[WikiEN-l] Re: VfD etiquette

Anthere anthere9 at yahoo.com
Mon May 31 11:57:14 UTC 2004


Jeeee, I totally agree with this... It is very important not to upset 
people, in particular newbies. We easily forget this.

I must also say that a couple of times, I have been myself a bit 
agressive, precisely because I felt this lack of etiquette toward the 
contributor :-(

Daniel P.B.Smith wrote:
> On the Internet, one must be constantly aware that discussions that 
> "feel" as if they are taking place in a club-like atmosphere of a few 
> dozen people are, actually, completely open to the public. (The Pentagon 
> does not need to log my USENET posts in any Total Information Awareness 
> program; Google News, and Deja News before it have already done that!).
> 
> In Votes for Deletion, conversations are sometimes conducted as if they 
> were taking place behind a contributor's back, with the sillier items 
> being openly sneered at and ridiculed. A lot of these remarks are 
> actually witty, e.g. "Delete this before his vanity develops an event 
> horizon" or "Delete. Delete fast. Delete ruthlessly. (this has nothing 
> to do with the [actual content], but I can't stand it when people use 
> 'principal' when they mean 'principle')"
> 
> Unlike a closed-door executive session, these frank discussions are not 
> only taking place in public, but the contributor has been 
> all-but-invited to them by the placement of the VfD notice.

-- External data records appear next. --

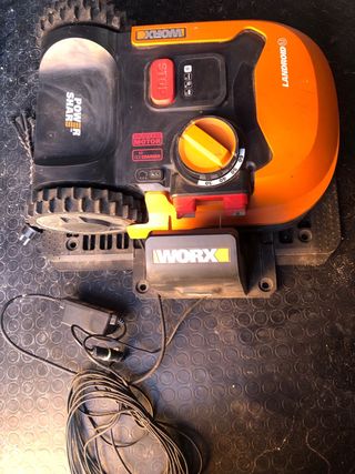 Robot cortacésped Worx Landroid WR165E, diseñado para jardines de hasta 500 m². - Color negro y naranja. - Incluye base de carga, piquetas y cableado. Herramienta para enterrar hilo GeoTech No se ha usado, solo instalado y vuelto a guardar. Garantía hasta el 27/11/2028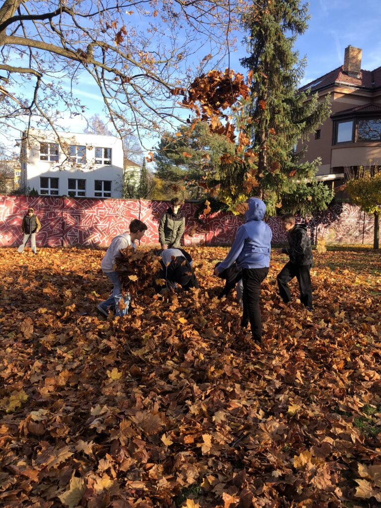 Listopadové počasí bývá už chladnější, letos ale teploty lámaly rekordy, a tak jsme jednu hodinu VV trávili venku v listí. Úkolem bylo prostorové zobrazení nějakého zvířete, což se všem povedlo. Však se podívejte ……  Konec hodiny byl pak ve znamení „koulování“ :o))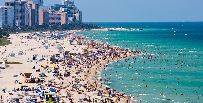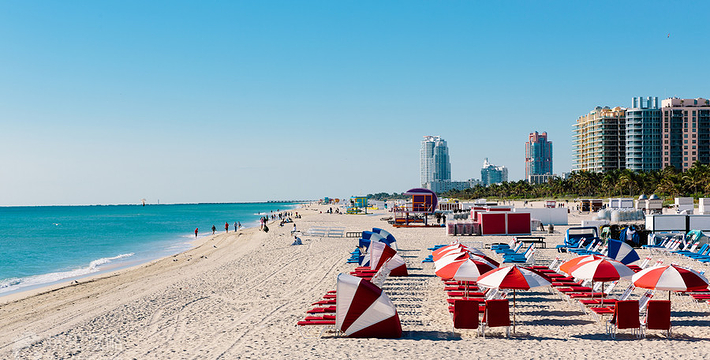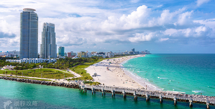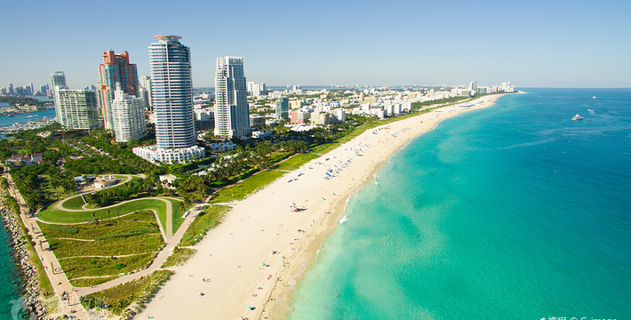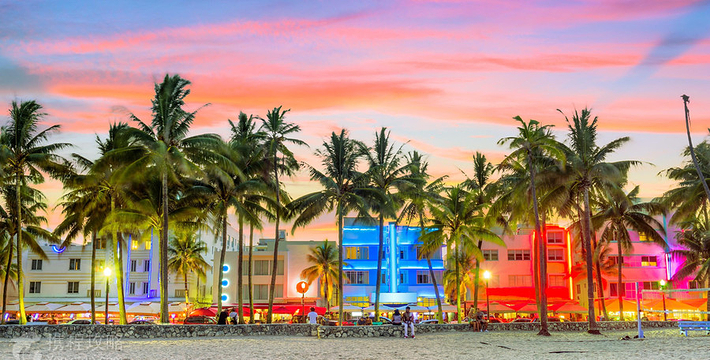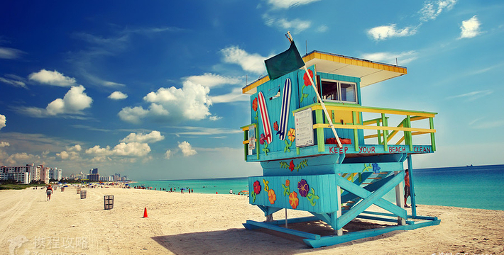 迈阿密海滩是美国著名的海水浴场,也是全世界名列前茅的观光胜地。迈阿密海滩绵延4英里,向东横跨比斯坎湾。雪白的细沙、蓝绿的海水、一排排棕榈树代表者迈阿密海滩。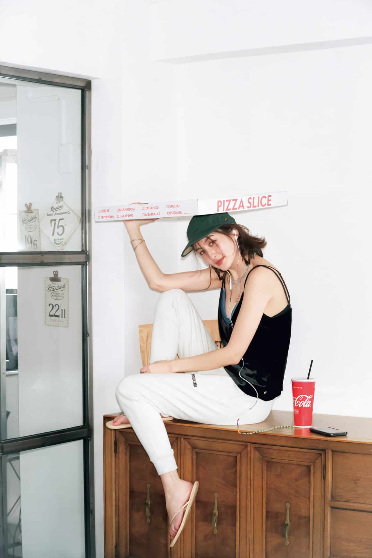 ラフすぎないスウェットパンツはさすがのデザイン。ベロアのキャミソールで肌見せをヘルシーかつ上品に。ショールームには経験豊富なスタッフがいて、コーディネートのアイデアにも幅広く応えてくれます。スウェットパンツ〈THIRD MAGAZINE〉キャミソール〈ARCH THE〉イヤホン¥13,000〈LE POM POM〉(すべてTHIRD MAGAZINE)ブラトップ¥7,200(スキンアウェア)サンダル¥12,000(ティーキーズ/ロンハーマン)シルバーネックレス¥22,000(ココシュニック)ターコイズネックレス¥15,750〈チビジュエルズ〉バングル¥11,880〈ソコ〉(すべてZUTTOHOLIC)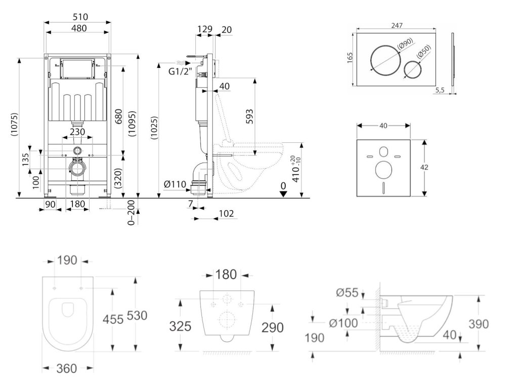 - Pro montáž závěsného WC s připojovací roztečí 180 mm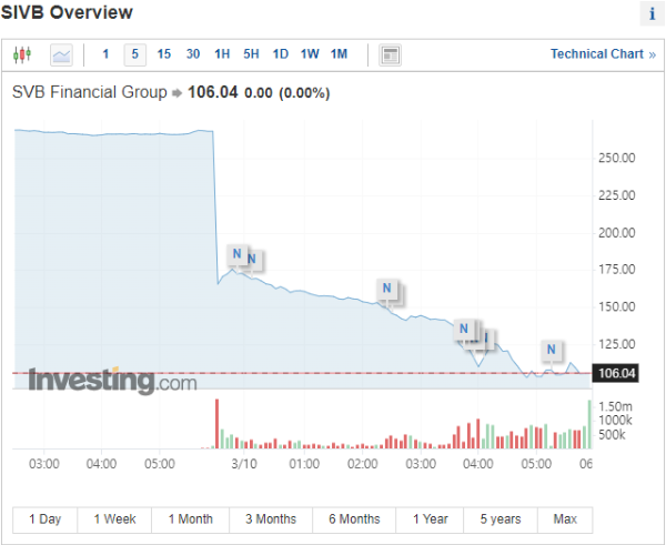 기술주 중심의 나스닥에 상장되어 있는 SVB는 이 소식으로 200-300불대에서 움직이던 주가가 순식간에 폭락하며 106.04불을 기록했고, 이어 해당 주식의 거래가 정지됐다.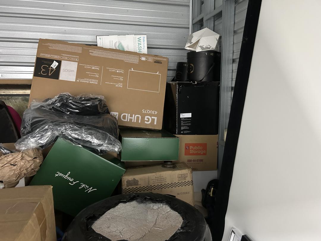 This unit appears to contain…TV,Construction Supplies,Chairs,Decor,Plastic Bags,Plastic Containers,Misc. Boxes,Misc. Items,Baby Furniture,Artwork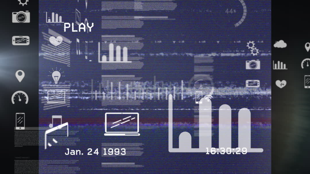 Digitally generated animation displaying a futuristic interface with icons and charts represents the concept of processing immense amounts of digital data. Ideal for illustrating topics related to advanced data technology and global business operations. Useful for presentations, websites, or videos focusing on digital transformation and analytics.

Moreover, 
> the contributor may not arrive until a number of remarks have 
> accumulated or may not choose to announce his presence immediately.
> 
> In the case of the "event horizon" remark, there was actually a nice 
> symmetry, because the subject of the article had a weblog, _linked from 
> the article,_ in which _he_ was making rude remarks about the people who 
> were trying to get his article deleted.
> 
> Although the edit submission page warns that contributions be "edited 
> mercilessly," I do not believe that it is clear to a newcomer that the 
> seemingly wide-open opportunity to add a page is coupled with the 
> possibility that the page will be deleted. (This has recently been 
> addressed by a paragraph on "notability" on the 
> Wikipedia:Tutorial_(Keep_in_mind) page). I am sure that there are many 
> people who semi-innocently think that an encyclopedia page with a 
> friend's bio is a pleasant and amusing gift—rather like having the 
> International Star Registry name a star for them, only it's free. And I 
> am sure there are many pushy self-promoters actively looking for fresh 
> walls on which to paste their posters who do not see any "Post No Bills" 
> notice. Trickiest of all, as with USENET, I sometimes see submissions 
> that give me the impression being of well-meaning efforts from people 
> whose social and/or communications skills are marginal.
> 
> In reality, discussions on VfD _need_ to be frank and often critical, 
> and having a page undergo the VfD process must be enormously 
> ego-bruising, and there is probably not a lot that can be done to soften 
> the process.
> 
> But, particularly in VfD, discussants should maintain an awareness that 
> the contributors whose items are being discussed are quite likely to be 
> newbies, and are quite likely to be _present_.
> 
> --
> Daniel P. B. Smith, dpbsmith at verizon.net 
> alternate: dpbsmith at alum.mit.edu
> "Elinor Goulding Smith's Great Big Messy Book" is now back in print!